General elections were held in Latvia on September 17, 2011. All 100 seats in Latvia’s unicameral legislature, the Saeima, were up for reelection. These 100 seats are split between five electoral districts (Riga, Vidzeme, Latgale, Zemgale, Kurzeme) which elect between 13 and 29 members through open party-list proportional representation with a 5% threshold.

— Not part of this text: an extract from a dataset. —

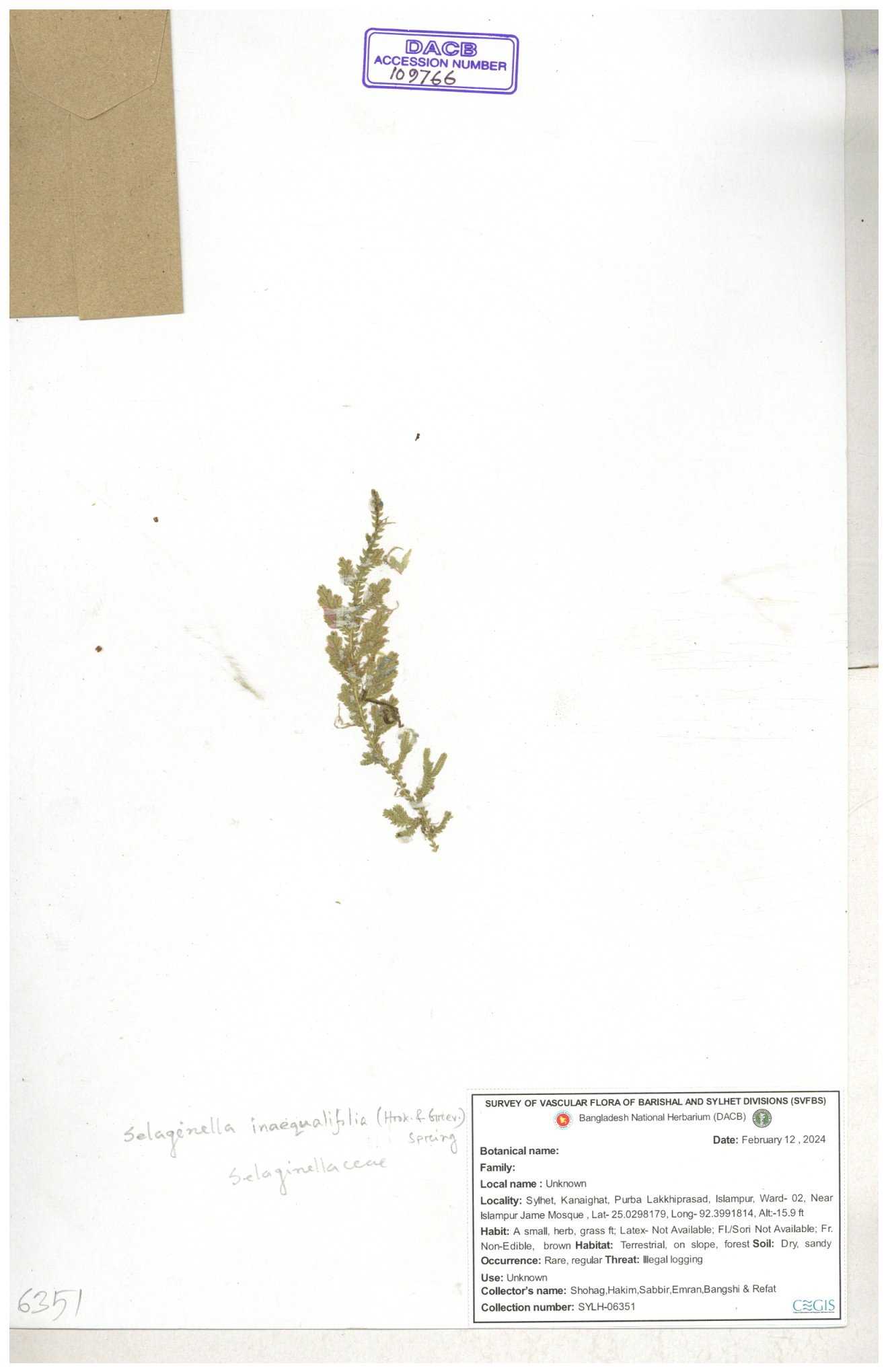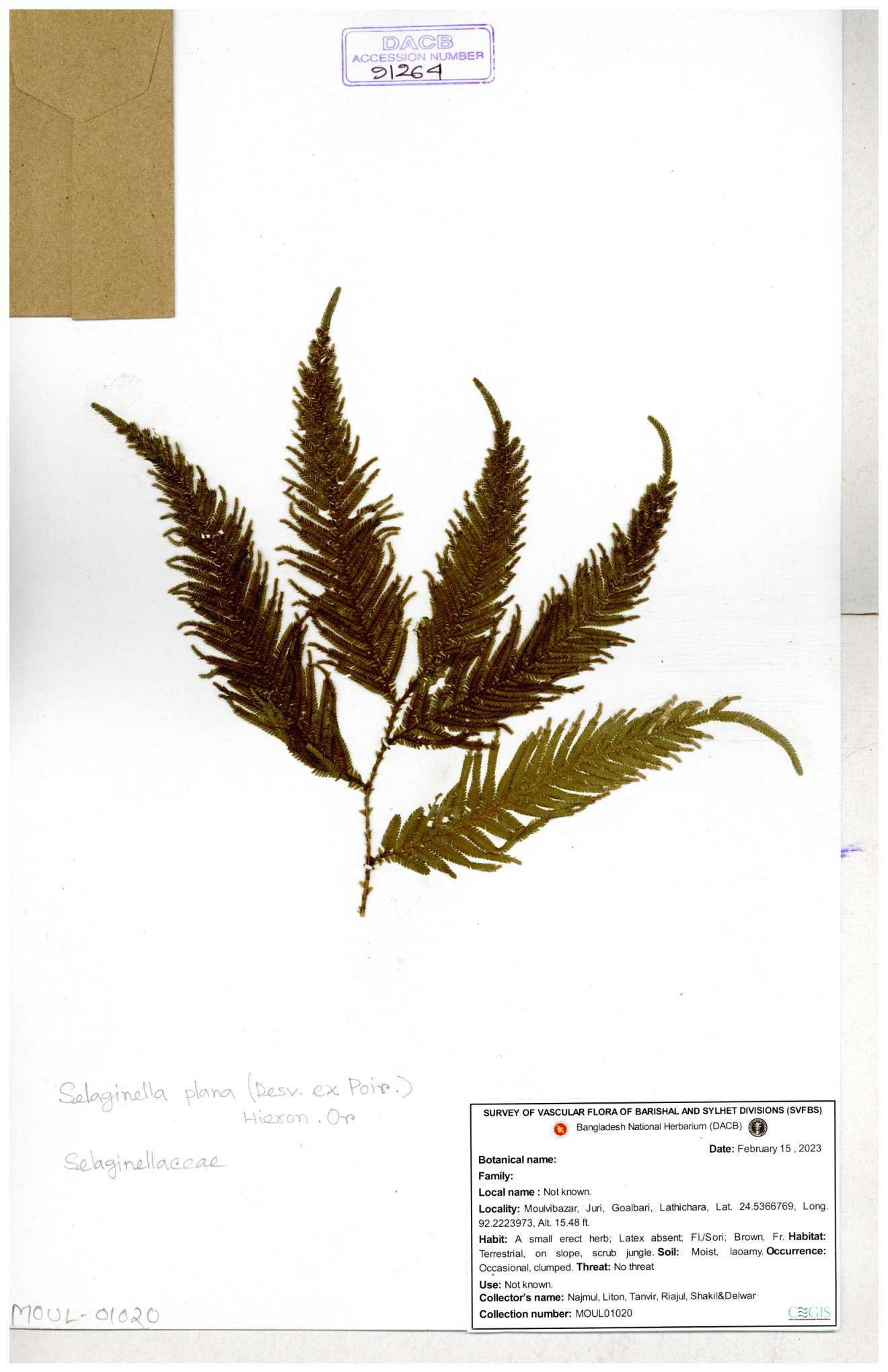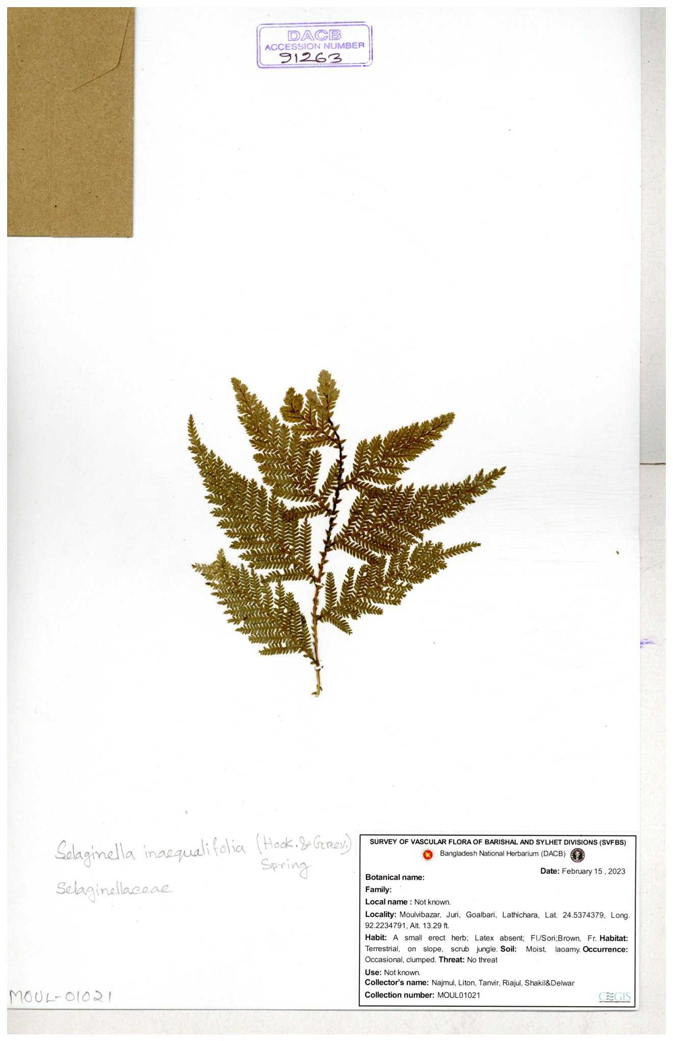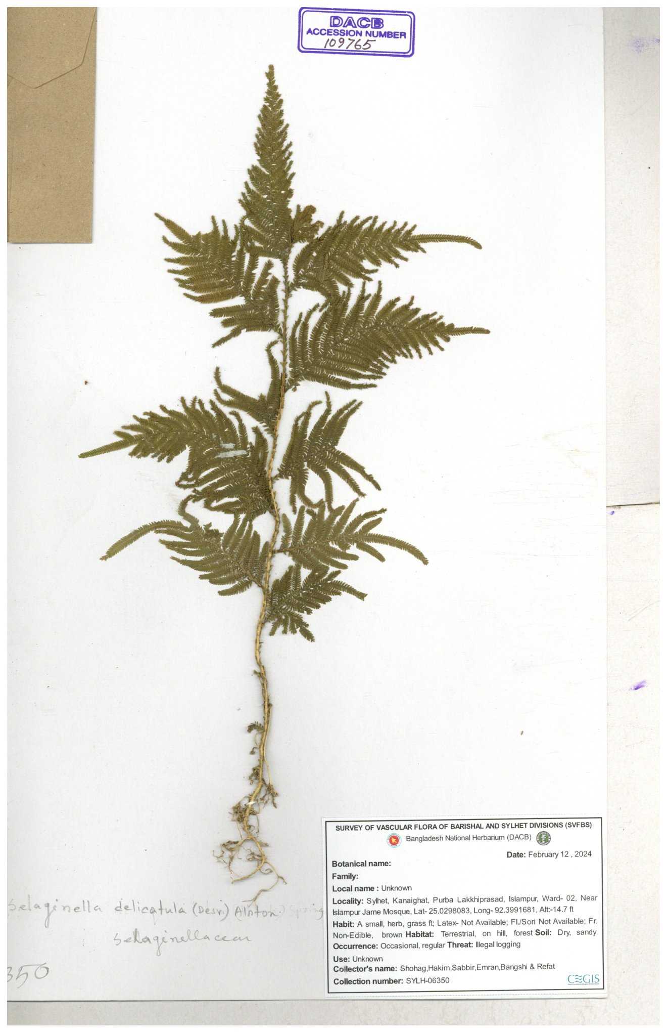 | 65734 | Selaginellaceae | Selaginella repanda (Desv. ex Poir.) Spring | Joyanta, Mominur, Al amin, Kamrul & Suborno | JCR-3176 14-02-2017 |

These snap elections, held less than one year after the last elections in October 2010. These elections are the conclusion of a political crisis which began in May when then-President Valdis Zatlers dissolved the Saeima (a presidential prerogative which comes with significant political risks: a referendum is held confirming the dissolution, and if the referendum is defeated, the president resigns) after it had voted against removing the immunity of one of its members, Ainārs Šlesers, investigated on a number of counts of corruption. Days later, Zatlers was defeated for reelection when the members of the Saeima preferred Andris Bērziņš over Zatlers. However, on July 23 Latvian voters by a crushing margin (94%) endorsed Zatlers’ dissolution and set the stage for these snap elections. Valdis Zatlers did not let matters stay there, and turned his crusade against corruption and the oligarchs (which he claims are so prevalent in Latvian party politics) into his own political party, Zatlers Reform Party (ZRP).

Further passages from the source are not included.